HESS: Tonganoxie, Kansas.

ANNOUNCER ALLEN: Well, how’d your folks take to your flying?

HESS: They didn’t like it at all at first, but after receiving many letters from me, filled with all of my interesting experiences—letters on aviation and all kinds of literature—they decided to listen to me for a change.  I must enjoy my work and what more could they want?

ANNOUNCER ALLEN: Well, not very much. Have you ever gotten them to try flying?

HESS: I certainly have! Last month, after six and a half years of constant persuasion, my father made his first trip from Chicago to New York and return.

ANNOUNCER ALLEN: Did he like it?

HESS: He loved it.

ANNOUNCER ALLEN: Now he doesn’t blame you for taking it up, does he?

HESS: I should say not.

ANNOUNCER ALLEN: How far have you flown, Miss Hess?

HESS: Over one million miles, or 165 coast-to-coast round trips.

ANNOUNCER ALLEN:  Rapid mathematician. How long after you became a stewardess did you become Chief Stewardess?

HESS: Well, I was fortunate—it was only about a year and a half.

ANNOUNCER ALLEN: Miss Hess, I’ve often wondered whether folks like you air-stewardesses have any hobbies—whether you have time for any.

HESS: I should say we do. We always find time for hobbies, such as horseback riding, dancing, sewing. Last, but not least, I love flying, with all of its duties.

ANNOUNCER ALLEN: That’s real pleasure, when your actual work is a hobby.  Miss Hess, what duties comprise your job?
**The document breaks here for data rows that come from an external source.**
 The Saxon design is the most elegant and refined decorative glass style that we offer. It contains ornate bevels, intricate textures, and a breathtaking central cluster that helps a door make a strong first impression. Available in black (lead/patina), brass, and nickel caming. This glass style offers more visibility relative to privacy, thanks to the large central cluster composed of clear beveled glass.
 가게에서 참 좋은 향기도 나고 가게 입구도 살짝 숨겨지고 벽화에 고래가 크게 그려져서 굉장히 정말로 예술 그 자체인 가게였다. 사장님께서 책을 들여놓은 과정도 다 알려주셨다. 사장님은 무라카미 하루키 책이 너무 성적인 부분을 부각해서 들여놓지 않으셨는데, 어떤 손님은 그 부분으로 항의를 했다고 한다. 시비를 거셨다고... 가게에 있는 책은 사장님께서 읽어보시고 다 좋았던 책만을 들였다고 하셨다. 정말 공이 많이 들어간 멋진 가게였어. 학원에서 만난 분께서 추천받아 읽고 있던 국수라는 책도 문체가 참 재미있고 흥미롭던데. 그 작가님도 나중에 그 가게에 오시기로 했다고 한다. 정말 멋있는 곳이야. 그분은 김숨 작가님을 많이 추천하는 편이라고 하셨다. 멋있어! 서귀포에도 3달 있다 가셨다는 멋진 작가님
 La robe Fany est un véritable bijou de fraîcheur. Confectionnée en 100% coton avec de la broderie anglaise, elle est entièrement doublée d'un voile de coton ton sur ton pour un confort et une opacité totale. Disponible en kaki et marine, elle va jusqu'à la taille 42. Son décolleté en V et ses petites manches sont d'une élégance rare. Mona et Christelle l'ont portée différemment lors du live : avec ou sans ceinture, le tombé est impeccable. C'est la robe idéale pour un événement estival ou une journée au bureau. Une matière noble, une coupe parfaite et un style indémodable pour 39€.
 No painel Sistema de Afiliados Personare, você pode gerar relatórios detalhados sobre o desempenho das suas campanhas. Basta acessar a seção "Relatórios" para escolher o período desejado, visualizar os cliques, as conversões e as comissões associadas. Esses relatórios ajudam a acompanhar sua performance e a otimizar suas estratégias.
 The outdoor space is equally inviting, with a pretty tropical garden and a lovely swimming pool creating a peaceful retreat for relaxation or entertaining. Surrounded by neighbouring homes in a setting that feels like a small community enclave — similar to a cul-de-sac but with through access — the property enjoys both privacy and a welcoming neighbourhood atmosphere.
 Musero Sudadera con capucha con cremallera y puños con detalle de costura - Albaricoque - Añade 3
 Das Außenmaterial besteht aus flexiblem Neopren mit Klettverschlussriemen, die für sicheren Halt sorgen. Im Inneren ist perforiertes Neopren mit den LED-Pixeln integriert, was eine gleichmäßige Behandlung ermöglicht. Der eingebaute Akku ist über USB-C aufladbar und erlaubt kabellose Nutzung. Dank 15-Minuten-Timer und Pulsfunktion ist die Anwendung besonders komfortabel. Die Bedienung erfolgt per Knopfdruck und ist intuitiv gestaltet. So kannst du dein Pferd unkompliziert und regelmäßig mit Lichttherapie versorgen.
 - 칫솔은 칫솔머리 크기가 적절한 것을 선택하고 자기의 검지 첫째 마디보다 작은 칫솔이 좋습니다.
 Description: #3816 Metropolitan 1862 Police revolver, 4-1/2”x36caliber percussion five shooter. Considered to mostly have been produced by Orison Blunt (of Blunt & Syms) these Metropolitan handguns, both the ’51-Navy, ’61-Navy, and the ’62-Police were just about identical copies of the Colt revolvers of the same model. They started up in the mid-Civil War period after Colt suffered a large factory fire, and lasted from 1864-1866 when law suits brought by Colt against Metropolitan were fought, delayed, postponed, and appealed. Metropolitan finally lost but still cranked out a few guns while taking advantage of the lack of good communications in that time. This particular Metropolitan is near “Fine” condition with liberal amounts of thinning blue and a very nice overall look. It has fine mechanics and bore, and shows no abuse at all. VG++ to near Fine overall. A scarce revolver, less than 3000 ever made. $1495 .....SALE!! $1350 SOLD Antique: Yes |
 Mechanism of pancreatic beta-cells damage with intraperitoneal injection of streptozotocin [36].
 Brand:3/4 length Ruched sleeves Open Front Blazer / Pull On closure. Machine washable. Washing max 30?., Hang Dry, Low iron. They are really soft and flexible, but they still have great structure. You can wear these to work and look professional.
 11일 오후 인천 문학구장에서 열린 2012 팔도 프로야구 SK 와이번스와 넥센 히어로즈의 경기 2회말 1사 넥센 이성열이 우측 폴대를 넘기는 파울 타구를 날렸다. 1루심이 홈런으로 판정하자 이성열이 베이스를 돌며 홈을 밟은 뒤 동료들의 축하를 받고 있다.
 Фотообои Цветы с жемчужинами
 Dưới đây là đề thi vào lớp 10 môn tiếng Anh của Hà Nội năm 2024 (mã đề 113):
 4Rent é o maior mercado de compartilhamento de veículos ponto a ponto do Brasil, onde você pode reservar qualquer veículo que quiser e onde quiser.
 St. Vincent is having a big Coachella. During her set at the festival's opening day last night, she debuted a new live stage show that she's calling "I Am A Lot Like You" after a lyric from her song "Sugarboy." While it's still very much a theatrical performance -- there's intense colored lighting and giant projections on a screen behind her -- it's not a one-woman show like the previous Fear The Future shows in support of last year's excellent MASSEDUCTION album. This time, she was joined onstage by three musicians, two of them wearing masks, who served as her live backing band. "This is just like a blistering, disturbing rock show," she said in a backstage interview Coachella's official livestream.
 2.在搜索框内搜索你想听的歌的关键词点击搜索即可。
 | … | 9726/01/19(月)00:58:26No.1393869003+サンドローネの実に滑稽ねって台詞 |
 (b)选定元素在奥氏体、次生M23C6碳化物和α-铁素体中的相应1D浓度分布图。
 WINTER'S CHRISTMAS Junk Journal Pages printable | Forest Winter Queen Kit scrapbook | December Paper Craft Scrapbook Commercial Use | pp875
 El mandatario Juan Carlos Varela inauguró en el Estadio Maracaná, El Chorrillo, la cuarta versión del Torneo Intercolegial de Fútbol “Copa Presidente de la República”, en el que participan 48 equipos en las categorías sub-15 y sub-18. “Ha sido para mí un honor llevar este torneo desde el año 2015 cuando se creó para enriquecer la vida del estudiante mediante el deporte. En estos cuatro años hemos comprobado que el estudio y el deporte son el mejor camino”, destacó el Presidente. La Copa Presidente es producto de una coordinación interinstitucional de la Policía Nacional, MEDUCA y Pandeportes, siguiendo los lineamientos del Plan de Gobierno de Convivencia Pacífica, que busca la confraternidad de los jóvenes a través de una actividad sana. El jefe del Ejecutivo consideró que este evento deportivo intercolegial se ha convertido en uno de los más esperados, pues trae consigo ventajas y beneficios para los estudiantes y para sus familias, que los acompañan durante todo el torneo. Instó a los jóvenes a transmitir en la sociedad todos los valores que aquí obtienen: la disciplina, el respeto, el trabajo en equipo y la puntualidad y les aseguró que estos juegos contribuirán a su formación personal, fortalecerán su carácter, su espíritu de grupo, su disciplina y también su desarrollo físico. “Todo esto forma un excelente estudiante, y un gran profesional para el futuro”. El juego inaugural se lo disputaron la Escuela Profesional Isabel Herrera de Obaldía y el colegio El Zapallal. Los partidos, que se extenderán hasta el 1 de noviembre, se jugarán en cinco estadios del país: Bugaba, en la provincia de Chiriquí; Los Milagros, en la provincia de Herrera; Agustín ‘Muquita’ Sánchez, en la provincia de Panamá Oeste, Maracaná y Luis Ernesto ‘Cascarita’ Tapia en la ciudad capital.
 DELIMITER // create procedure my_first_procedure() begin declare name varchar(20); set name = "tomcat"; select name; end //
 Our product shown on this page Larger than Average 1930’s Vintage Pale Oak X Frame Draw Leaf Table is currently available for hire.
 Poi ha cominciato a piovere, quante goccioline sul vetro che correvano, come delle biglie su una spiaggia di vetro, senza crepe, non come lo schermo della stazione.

HESS: Well, first I interview the applicants; then I hire some of them, and then I make observation trips with each girl and observe her duties in action. When she’s taking care of the passengers, I like to know how she greets them as they enter the door, and how she goes about taking care of them in fastening their seatbelts, passing out the gum, and how she arranges her food in the lunch-boxes served to the passengers. Then I check her report; this means checking all of her manifests, such as the listing of passengers and her tickets, so that she doesn’t repeat an error.

ANNOUNCER ALLEN: That’s a lot of work; I don’t see how you have time for those hobbies you mentioned a moment ago. Well, talking about new stewardesses and watching them, how do you choose your new stewardesses?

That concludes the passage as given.